Towards Flexible 3D Gaze Estimation Based on Head-mounted Eye Tracking Systems


Student thesis: Doctoral Thesis

View graph of relations


Related Research Unit(s)


Awarding Institution
Award date29 Jun 2021


In contrast to remote eye tracking systems, head-mounted devices (HMD) offer the singular perspective from subjects’ first-person vision, allowing for gaze prediction in different applications. In fact, given the pace of their flexibility and miniaturization, lightweight HMD have become a useful tool in human-robot interactions. Such systems extend a user’s field of view into wider scenes instead just in front of computer screens, which significantly enriches the applications of gaze technologies. This thesis focus on achieving flexible and accurate 3D gaze estimation for HMD. Previous works on this task usually suffer from three challenges: (a) The estimation accuracy will be significant affected when the eyeball rotates on a large scale. (b) The traditional calibration process that involves calibration markers could be troublesome or even unattainable in some conditions. (c) Large estimation errors on 3D gaze points' depth are easily occur as it is determined by triangulating gaze vectors from both eyes.
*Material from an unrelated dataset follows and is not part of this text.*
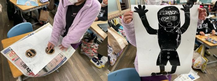 一生懸命仕上げました! 3年生が図画工作科の学習で紙版画を行っています。今日も素敵な作品が刷りあがっていました。画用紙で作った自分の姿にインクを塗り、版画用紙をバレ…

In this thesis, a 3D gaze estimation framework with two kinds of calibration methods is proposed to address aforementioned problems. The polynomial model-based method is proposed to improve the accuracy of 3D gaze estimation. After obtaining eye gaze vectors and 3D target locations as the gaze data, eyeball centers in the scene camera coordinates are determined through a global nonlinear optimization. Accordingly, a target vector can be defined as an axis starts from the eyeball center and points to the target. After that, collected eye gaze vectors are divided into several sub-regions by K-means algorithm based on the distribution of calibration targets. In each sub-region, eye gaze vectors and their corresponding target vectors are treated as inputs for the specific regression model. After all models are trained, the new eye gaze vector in the estimation procedure can be classified into a sub-region according to its angular distance to the center of each sub-region, and the real gaze vector can be obtained through the model.
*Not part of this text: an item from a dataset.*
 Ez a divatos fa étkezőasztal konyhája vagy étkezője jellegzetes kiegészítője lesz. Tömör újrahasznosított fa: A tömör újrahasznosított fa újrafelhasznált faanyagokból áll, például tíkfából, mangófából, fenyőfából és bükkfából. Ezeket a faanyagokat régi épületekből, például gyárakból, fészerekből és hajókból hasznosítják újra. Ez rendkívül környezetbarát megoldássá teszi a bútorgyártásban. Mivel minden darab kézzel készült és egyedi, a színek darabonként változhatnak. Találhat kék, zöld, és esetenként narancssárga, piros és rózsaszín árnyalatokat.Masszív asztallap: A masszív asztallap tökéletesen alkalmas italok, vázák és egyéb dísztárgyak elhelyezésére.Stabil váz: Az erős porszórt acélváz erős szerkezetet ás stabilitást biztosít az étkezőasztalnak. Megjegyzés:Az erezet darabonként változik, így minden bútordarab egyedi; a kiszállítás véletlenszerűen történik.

The saliency-based auto-calibration method is proposed to remove the explicit user calibration and achieves robust 3D gaze estimation. The method treats salient regions in the scene as possible 3D locations of gaze points. To improve the efficiency of predicting 3D gaze from visual saliency, bag-of-words algorithm is applied to eliminate redundant scene images based on their similarities. After the elimination, saliency maps are generated from those scene images, and extrinsic parameters between eye cameras and the scene camera can be determined by aggregating 3D salient targets with eye gaze vectors. Finally, the real gaze vector can be determined based on the extrinsic parameters.
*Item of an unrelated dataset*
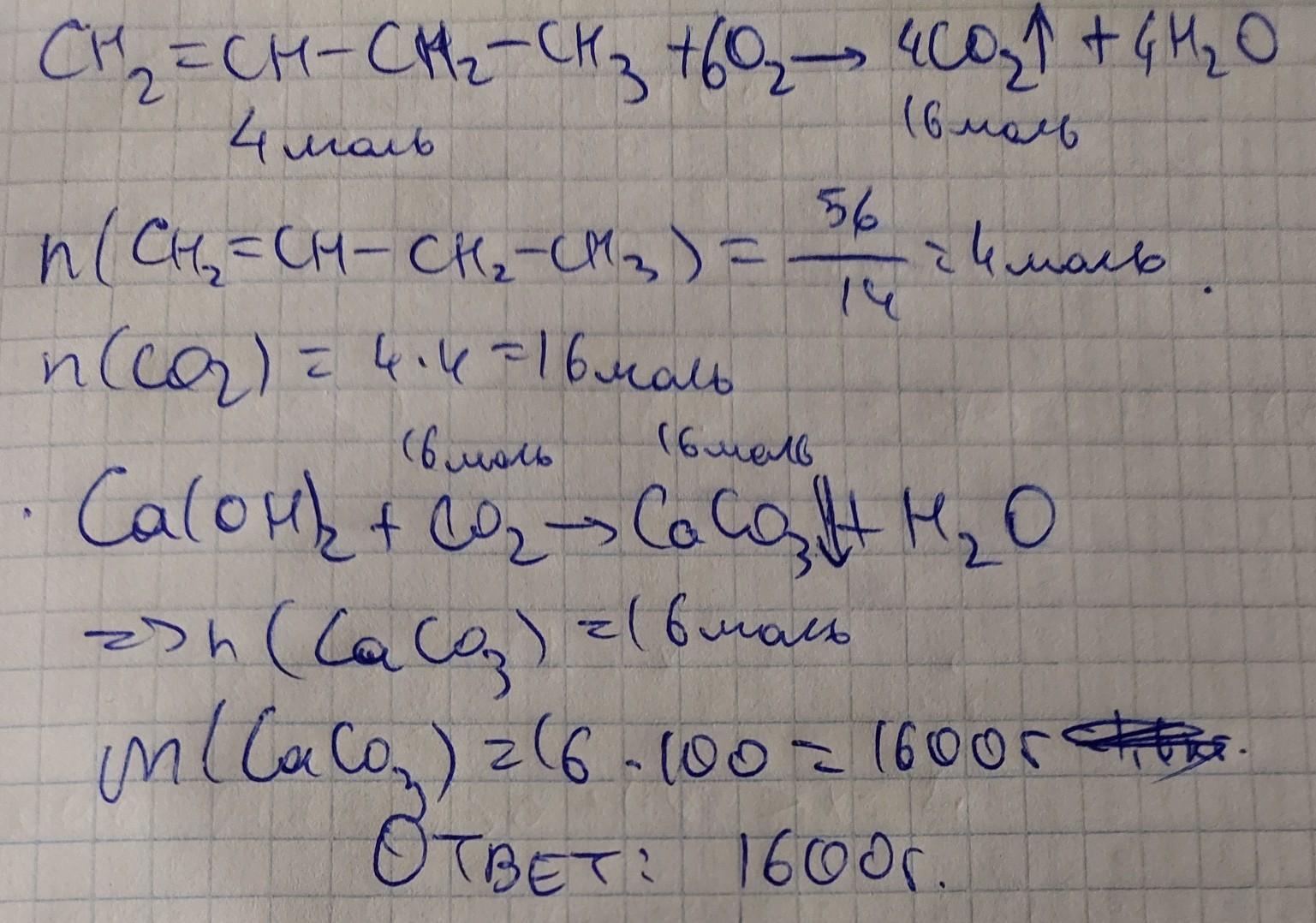 углекислого газа, полученного при сгорании 14гр бутен-1 через

After the calibration, eye gaze vectors can be transformed from eye cameras into the scene camera. Instead of calculating the 3D gaze point as the midpoint of the shortest segment between both gaze vectors, a point cloud is generated given 3D structures of a scene, and the gaze point is estimated as the point that closest to transformed gaze vectors. Meanwhile, the PnP technique is employed to compute the scene camera's trajectory and pose in the world coordinates. Thereafter, the estimated gaze points can be further converted into the world coordinates, which make the gaze estimation procedure more connected and suitable for shared-tasks of human-robot interaction.